Applying Recurrent Neural Network on Arabic Named Entity Recognition
Abstract Named Entity Recognition (NER) (also known as entity identification) is a subtask of information extraction that seeks to locate and classify elements in text into predefined categories such as the names of persons, organizations, locations, etc. NER plays an important role in many NLP problems, such as Machine Translation as it helps improve the performance of algorithms that solve these problems.

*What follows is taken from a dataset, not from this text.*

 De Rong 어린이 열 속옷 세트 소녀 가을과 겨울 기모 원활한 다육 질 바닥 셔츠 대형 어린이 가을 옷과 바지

In this work, we plan to tackle Arabic NE recognition and classification with an approach using Long Short Term Memory (LSTM) neural networks. We use LSTMs’ ability to memorize long term dependencies to train a model for Arabic NE recognition, on a training dataset. The model is then used to predict the NEs for a sample of Arabic sentences in our test set. We tested our system on a pilot dataset. In its current version, it achieves a word level accuracy of 85%. More recently we trained our model on the more standard ACE 2007 dataset and achieved an F1 score of 57.54 for detecting boundaries and 53.31 for categorizing the named entity. However, adding part-of-speech as a feature reduced our performance. Overall, LSTM seems to be a promising model for Arabic NER. We plan to compare it with different existing baselines trained on other dataset. We also plan to identify an optimal feature set in order to study its impact on the accuracy of our predictor.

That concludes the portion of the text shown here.